►

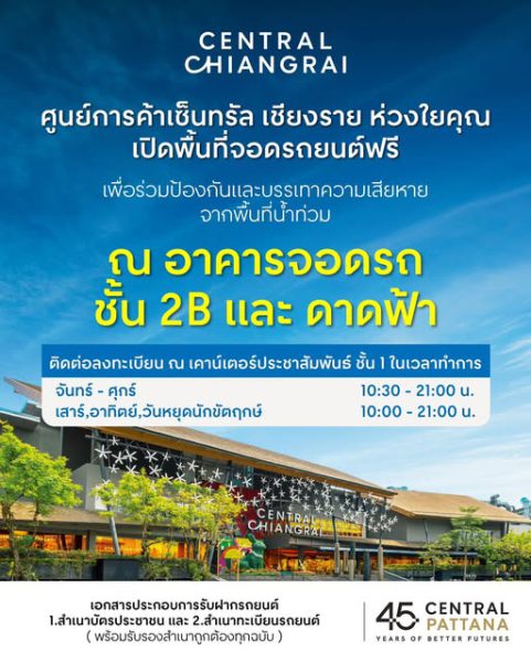 - เดินทางถึงเซ็นทรัลพลาซา เชียงราย เพียง 10 นาที
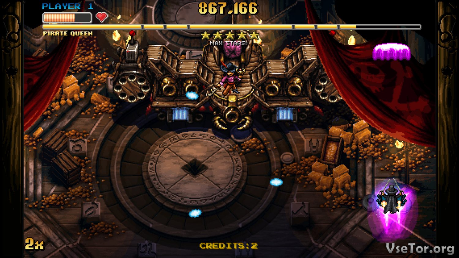 Есть в Jamestown+ и система прокачки, но она нестандартна по своей сути. Звездолет и его орудия можно улучшать, но в большинстве случаев на начале новых уровней происходит откат, если не полный, то частичный. А во время прохождения уровня можно модернизировать пушки, подбирая бонусы и выпадающие их врагов предметы. например, в ходе прохождения уровня у вас может измениться цвет орудия и вместе с ним урон, появиться новая способность (например, пускать огромные взрывающиеся шары), и не только…
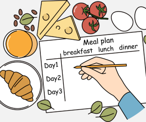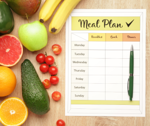 1. Create a weekly meal plan. This will help show you what you need and can also help determine what you don’t need. Start with a chart of the days, three mealtimes and snacks, and list the menus for each day.
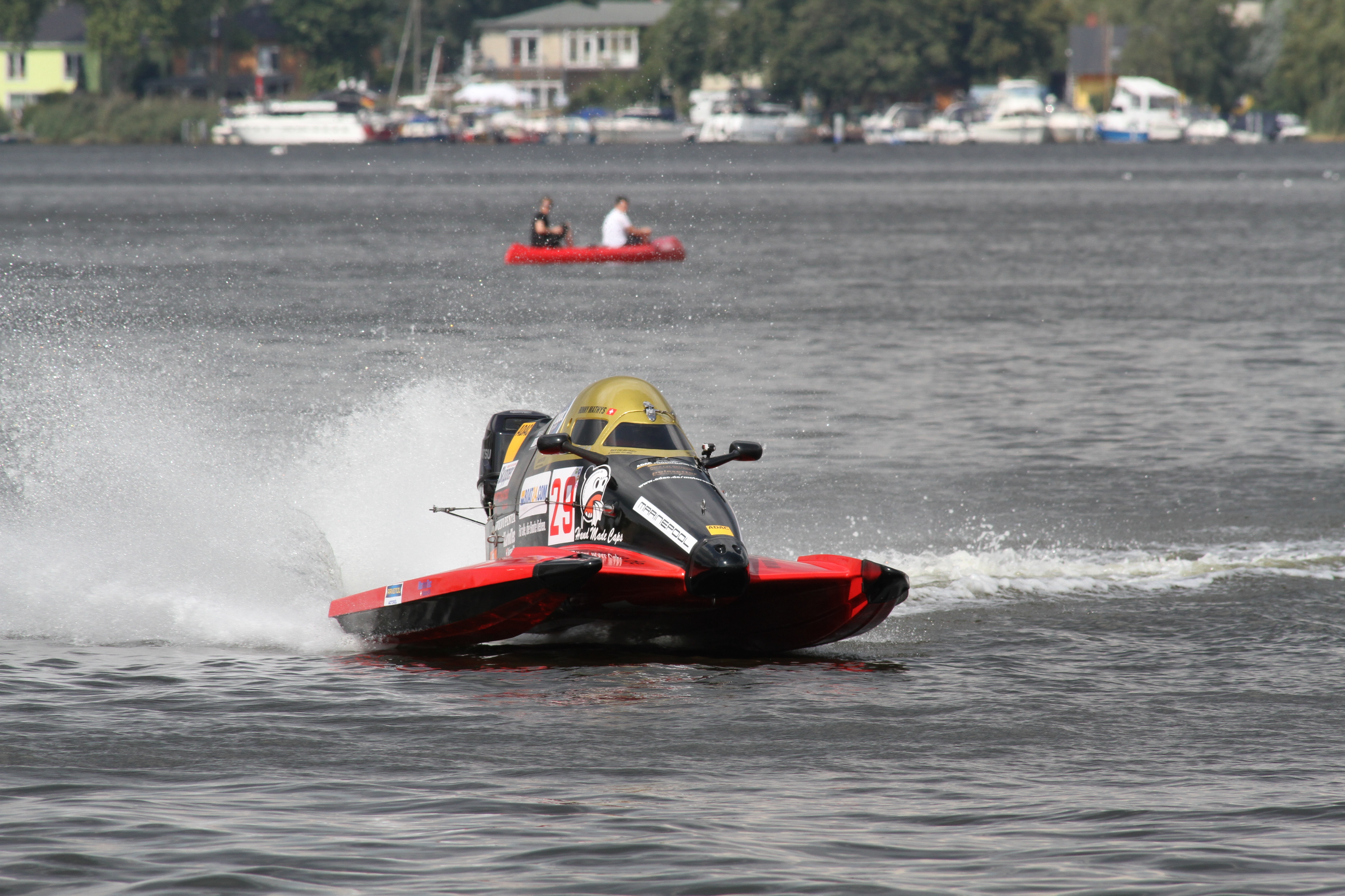 Im abschließenden zweiten Hauptrennen stahl Ronny Mathys (30, Schweiz) dem deutschen Top-Trio die Show. Der Schweizer Serienneuling, zuletzt dreifacher Sieger in Kriebstein, katapultierte sich mit einem Traumstart an die Spitze des Feldes und fuhr seinen vierten Saisonsieg im ADAC Motorboot Cup ein. Er distanzierte Stilz um 2,508 Sekunden. Schäfer lag in der Startphase hinter Tietz nur auf Rang vier, konnte ihn aber nach wenigen Runden überholen und sich dadurch seinen dritten Podiumsplatz in Berlin holen.

◄

• TASK DETAILS:
The copy must start at the line containing "1. Create a" and end at the last line of the data, matching each line exactly. It must hold no pictures.

• RESULT FOR THIS EXERCISE:
 1. Create a weekly meal plan. This will help show you what you need and can also help determine what you don’t need. Start with a chart of the days, three mealtimes and snacks, and list the menus for each day.
 Im abschließenden zweiten Hauptrennen stahl Ronny Mathys (30, Schweiz) dem deutschen Top-Trio die Show. Der Schweizer Serienneuling, zuletzt dreifacher Sieger in Kriebstein, katapultierte sich mit einem Traumstart an die Spitze des Feldes und fuhr seinen vierten Saisonsieg im ADAC Motorboot Cup ein. Er distanzierte Stilz um 2,508 Sekunden. Schäfer lag in der Startphase hinter Tietz nur auf Rang vier, konnte ihn aber nach wenigen Runden überholen und sich dadurch seinen dritten Podiumsplatz in Berlin holen.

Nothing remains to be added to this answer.